Alabama: 6th-Grade Standards

Article Body

AL.6 Standard: United States Studies—Industrial Revolution to the Present

Sixth-grade content standards focus on the history of the United States from the Industrial Revolution to the present. Historical events studied by sixth graders include the rise of the United States as an industrial nation, World War I, the Great Depression, World War II, and the Cold War Era.

6.1

  • 6.1. Students will:

    Explain the impact of industrialization, urbanization, communication, and cultural changes on life in the United States from the late nineteenth century to World War I. (Economics, Geography, History, Civics and Government)

6.2

  • 6.2.1 Students will:

    Describe reform movements and changing social conditions during the Progressive Era in the United States. (Economics, Geography, History, Civics and Government)

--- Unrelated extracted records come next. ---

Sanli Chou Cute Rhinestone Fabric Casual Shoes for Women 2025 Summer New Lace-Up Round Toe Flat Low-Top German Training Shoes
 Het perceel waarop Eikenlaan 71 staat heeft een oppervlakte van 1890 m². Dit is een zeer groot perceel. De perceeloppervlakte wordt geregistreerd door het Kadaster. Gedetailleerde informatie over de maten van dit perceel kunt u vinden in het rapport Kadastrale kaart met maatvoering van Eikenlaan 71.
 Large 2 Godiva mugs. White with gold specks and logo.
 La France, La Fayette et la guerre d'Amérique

  • 6.2.1 Students will practice:

    • Relating countries of origin and experiences of new immigrants to life in the United States
      • Grade Level Example:

        Mobile, Boston, New York, New Orleans, Savannah

    • Identifying workplace reforms, including the eight-hour workday, child labor laws, and workers’ compensation laws
    • Identifying political reforms of Progressive movement leaders, including Theodore Roosevelt and the establishment of the national park system
    • Identifying social reforms of the Progressive movement, including efforts by Jane Adams, Clara Barton, and Julia
      Tutwiler
    • Recognizing goals of the early civil rights movement and the purpose of the National Association for the Advancement of Colored People (NAACP)
    • Explaining Progressive movement provisions of the Sixteenth, Seventeenth, Eighteenth, Nineteenth, and Twenty-first Amendments to the Constitution of the United States

6.3

  • 6.3.1 Students will:

    Identify causes and consequences of World War I and reasons for United States’ entry into the war. (Economics, Geography, History, Civics and Government)

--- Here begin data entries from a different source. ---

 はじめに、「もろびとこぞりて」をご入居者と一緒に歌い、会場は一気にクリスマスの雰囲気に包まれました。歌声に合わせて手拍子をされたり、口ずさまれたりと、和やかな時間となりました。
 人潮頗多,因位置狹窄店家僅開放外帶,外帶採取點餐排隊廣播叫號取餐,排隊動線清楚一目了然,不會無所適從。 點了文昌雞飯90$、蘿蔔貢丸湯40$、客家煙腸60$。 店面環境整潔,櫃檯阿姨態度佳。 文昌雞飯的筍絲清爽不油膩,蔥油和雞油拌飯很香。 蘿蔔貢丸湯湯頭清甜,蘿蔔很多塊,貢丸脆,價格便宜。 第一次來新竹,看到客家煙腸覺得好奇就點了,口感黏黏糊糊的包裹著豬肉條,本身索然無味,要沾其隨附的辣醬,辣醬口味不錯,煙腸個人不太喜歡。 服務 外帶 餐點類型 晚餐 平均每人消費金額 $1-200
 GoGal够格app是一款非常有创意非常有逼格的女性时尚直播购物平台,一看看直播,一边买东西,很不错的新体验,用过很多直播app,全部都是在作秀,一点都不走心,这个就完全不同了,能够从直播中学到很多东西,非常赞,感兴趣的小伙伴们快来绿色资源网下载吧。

    • Grade Level Example:

      sinking of the Lusitania, Zimmerman Note, alliances, militarism, imperialism, nationalism

  • 6.3.2 Students will practice:

  • Describing military and civilian roles in the United States during World War I
  • Explaining roles of important persons associated with World War I, including Woodrow Wilson and Archduke Franz Ferdinand
  • Analyzing technological advances of the World War I era for their impact on modern warfare
    • Grade Level Example:

      machine gun, tank, submarine, airplane, poisonous gas, gas mask

  • Locating on a map major countries involved in World War I and boundary changes after the war
  • Explaining the intensification of isolationism in the United States after World War I
    • Grade Level Example:

      reaction of the Congress of the United States to the Treaty of Versailles, League of Nations, and Red Scare

  • Recognizing the strategic placement of military
    bases in Alabama

6.4

  • 6.4.1 Students will:

    Identify cultural and economic developments in the United States from 1900 through the 1930s. (Economics, History, Civics and Government)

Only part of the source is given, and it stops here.